To nearest Ports their shatter'd Ships repair,
Where by our dreadful Canon they lay aw'd:
So reverently Men quit the open air,
When Thunder speaks the angry Gods abroad.
- The In Memoriam stanza (after Tennyson's famous poem) is a quatrain with an ABBA rhyme scheme. It presents a sense of an external couplet gripping an internal one, enclosing an idea, and emphasizing the third line:
That God, which ever lives and loves,
One God, one law, one element,
And one far-off divine event,
To which the whole creation moves.
- 5-line stanza: Cinquain, "Mad Song," Limerick
- The limerick has an AABBA rhyme scheme and is basically two couplets with final line that is bawdy, surprising, and often humorous in tone, as popularized by Edward Lear:
There was an Old Man of Kilkenny,
Who never had more than a penny;
He spent all that money,
In onions and honey,
That wayward Old Man of Kilkenny.
- 6-line stanza: Sixain, Tail Rhyme, Sestina
- Often composed of two tercets or a quatrain and a couplet.
- Tail rhyme or rime couee, is associated with medieval romances, and is composed of tetrameter lines with an AABCCB rhyme scheme.
- The sestina will be discussed in detail by Sandra and Zaira.
- 7-line stanza: Septain, Rime Royale
- Rime royale is an iambic pentameter stanza with an ABABBCC rhyme scheme, used by Chaucer in Troilus and Criseyde.
- 8-line stanza: Octave, Ottava Rima
- Ottava rima is has an ABABABCC rhyme scheme and lends itself to narrative punctuated by climax, commentary, or satire, as is the case in Byron's Don Juan:
Sagest of women, even of widows, she
Resolved that Juan should be quite a paragon,
And worthy of the noblest pedigree
(His sire was of Castile, his dam from Aragon):
Then for accomplishments of chivalry,
In case our lord the king should go to war again,
He learn'd the arts of riding, fencing, gunnery,
And how to scale a fortress -- or a nunnery.
- 9-line stanza: Spenserian stanza
- The Spenserian stanza consists of 8 iambic pentameter lines with an ABABBCBC rhyme scheme and a final alexandrine (14 syllables) line rhyming C. The irregularity of the final couplet's line lengths breaks the monotony of a form that is too regular in structure. It is the formal engine that propels The Faerie Queene:
Gentle Knight was pricking on the plaine,
Y cladd in mightie armes and siluer shielde,
Wherein old dints of deepe wounds did remaine,
The cruell markes of many' a bloudy fielde;
Yet armes till that time did he neuer wield:
His angry steede did chide his foming bitt,
As much disdayning to the curbe to yield:
Full iolly knight he seemd, and faire did sitt,
As one for knightly giusts and fierce encounters fitt.

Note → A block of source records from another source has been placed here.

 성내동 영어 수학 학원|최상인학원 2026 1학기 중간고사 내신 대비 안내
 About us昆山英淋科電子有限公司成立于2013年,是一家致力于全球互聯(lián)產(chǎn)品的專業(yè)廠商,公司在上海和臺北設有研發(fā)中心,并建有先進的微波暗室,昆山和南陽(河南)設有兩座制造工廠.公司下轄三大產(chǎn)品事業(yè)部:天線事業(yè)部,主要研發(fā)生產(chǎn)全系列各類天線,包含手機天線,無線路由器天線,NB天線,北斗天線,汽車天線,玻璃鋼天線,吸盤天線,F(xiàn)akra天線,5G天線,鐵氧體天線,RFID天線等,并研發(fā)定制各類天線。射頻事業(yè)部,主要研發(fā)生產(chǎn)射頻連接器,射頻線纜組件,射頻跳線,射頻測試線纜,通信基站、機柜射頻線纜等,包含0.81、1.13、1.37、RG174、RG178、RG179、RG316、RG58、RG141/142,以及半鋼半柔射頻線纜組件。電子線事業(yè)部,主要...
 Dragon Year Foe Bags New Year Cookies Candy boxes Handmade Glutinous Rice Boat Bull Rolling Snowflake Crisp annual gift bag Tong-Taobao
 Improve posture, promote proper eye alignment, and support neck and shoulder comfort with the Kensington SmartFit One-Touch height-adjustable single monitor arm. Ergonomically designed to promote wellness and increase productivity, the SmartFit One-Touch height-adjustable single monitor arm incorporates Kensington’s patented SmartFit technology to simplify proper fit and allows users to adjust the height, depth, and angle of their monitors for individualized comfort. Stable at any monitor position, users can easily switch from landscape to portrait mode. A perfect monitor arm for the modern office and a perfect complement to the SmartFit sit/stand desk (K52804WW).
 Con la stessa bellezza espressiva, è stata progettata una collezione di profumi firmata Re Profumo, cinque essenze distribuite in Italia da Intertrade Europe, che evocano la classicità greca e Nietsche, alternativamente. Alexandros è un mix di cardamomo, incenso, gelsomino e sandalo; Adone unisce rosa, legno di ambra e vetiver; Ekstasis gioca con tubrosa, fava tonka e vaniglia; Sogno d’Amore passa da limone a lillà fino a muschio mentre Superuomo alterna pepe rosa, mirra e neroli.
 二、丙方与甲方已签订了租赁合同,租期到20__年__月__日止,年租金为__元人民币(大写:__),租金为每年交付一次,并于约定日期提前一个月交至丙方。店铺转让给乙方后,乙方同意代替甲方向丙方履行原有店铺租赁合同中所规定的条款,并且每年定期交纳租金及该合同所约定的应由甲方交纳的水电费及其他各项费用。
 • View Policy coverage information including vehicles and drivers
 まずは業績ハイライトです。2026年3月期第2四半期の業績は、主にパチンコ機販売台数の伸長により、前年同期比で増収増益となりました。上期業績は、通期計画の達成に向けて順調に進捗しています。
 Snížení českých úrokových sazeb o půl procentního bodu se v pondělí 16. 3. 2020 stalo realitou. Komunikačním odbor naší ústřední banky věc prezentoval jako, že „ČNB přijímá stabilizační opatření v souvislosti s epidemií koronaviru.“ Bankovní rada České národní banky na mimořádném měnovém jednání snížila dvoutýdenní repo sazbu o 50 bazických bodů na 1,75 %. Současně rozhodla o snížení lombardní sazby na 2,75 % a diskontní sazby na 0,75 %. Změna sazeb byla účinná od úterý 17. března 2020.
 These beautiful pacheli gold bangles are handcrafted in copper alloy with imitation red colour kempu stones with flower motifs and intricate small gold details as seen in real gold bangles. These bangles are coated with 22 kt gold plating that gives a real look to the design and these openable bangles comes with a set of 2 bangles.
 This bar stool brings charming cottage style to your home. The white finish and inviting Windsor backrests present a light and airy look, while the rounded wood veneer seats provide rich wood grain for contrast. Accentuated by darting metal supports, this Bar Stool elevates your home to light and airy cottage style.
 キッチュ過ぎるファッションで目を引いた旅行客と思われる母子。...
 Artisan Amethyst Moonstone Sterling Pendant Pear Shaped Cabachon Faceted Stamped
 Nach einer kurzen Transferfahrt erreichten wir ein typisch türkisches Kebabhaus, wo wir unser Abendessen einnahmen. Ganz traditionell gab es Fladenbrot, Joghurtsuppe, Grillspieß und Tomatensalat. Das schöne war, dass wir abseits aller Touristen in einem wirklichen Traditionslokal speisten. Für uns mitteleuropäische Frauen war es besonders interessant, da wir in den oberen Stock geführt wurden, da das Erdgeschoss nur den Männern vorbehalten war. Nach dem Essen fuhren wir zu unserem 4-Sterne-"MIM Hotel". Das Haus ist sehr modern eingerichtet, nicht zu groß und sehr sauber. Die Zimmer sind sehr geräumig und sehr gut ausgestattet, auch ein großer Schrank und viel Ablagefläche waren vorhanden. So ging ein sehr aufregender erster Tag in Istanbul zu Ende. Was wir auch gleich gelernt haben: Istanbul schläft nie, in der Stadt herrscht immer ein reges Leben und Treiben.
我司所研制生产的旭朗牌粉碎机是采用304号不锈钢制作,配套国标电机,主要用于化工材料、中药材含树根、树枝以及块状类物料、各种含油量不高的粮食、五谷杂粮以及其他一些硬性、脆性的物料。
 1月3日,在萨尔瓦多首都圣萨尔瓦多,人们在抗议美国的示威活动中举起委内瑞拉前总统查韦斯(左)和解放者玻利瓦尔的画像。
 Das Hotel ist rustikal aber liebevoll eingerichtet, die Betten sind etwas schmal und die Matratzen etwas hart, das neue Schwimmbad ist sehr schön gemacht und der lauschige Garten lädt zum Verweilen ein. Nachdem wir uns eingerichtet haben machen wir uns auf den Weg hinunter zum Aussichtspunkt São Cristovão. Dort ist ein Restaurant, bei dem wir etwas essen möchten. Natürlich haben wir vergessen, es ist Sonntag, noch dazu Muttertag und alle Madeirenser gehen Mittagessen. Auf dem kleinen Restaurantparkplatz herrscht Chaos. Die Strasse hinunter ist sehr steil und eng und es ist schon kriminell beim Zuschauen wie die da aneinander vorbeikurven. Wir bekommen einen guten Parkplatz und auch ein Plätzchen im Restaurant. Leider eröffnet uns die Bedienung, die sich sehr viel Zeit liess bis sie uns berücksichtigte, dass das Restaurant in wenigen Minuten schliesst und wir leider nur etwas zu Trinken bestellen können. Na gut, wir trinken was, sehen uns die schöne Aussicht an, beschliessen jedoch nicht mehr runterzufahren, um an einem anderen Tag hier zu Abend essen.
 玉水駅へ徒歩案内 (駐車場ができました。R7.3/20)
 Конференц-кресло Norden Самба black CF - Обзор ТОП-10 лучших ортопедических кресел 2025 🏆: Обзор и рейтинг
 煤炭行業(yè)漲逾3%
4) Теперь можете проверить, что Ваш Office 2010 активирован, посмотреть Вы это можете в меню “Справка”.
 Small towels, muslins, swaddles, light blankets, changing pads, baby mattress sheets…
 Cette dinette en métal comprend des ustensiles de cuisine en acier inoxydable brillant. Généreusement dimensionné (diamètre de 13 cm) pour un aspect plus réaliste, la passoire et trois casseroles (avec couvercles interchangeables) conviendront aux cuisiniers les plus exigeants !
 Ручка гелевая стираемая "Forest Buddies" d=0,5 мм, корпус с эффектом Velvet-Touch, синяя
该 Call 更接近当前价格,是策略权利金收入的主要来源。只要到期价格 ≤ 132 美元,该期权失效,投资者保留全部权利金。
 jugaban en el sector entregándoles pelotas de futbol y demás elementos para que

- Beyond the 9-line stanza: Sonnets
- While stanza structures with 10 lines and beyond exist and are possible, they are often composed of smaller units, as is the case with the sonnet, to be discussed by Wilmarie and Jennifer.
- Elaborately complex rhyme schemes of large numbers of lines are difficult for the ear to recognize, come across as contrived, and tend to become intellectual exercises used by very few poets and enjoying limited popularity.
- Some critical considerations:
- Whether stanza forms are nonce or fixed, they are important organizing structures for a poem.
- The number of stanzas a poem is written in can be structurally significant and should express something, particularly in short poems.
- The white spaces between stanzas mean something, and that something can vary from poem to poem.
- Subverting the spaces between stanzas with enjambment is therefore also meaningful, because they subvert the stanza form.
- Fixed forms have a history and poets who employ fixed form are entering in a conversation with that history, whether they adopt, engage, or subvert the form.
Works Cited and Consulted
Fussel, Paul. Poetic Meter and Poetic Form, revised edition. New York: McGraw Hill, Inc. 1979.
Ong, Walter J. Orality and Literacy. London: Routledge, 2002.
Preminger, Alex and T. V. F. Brogan, et. al. eds.,
The New Princeton Encyclopedia of Poetry and
Poetics. Princeton, NJ: Princeton University Press, 1993.
Strand, Mark and Eavan Boland. The Making of a Poem: A Norton Anthology of Poetic Forms. New York: W. W. Norton, 2000.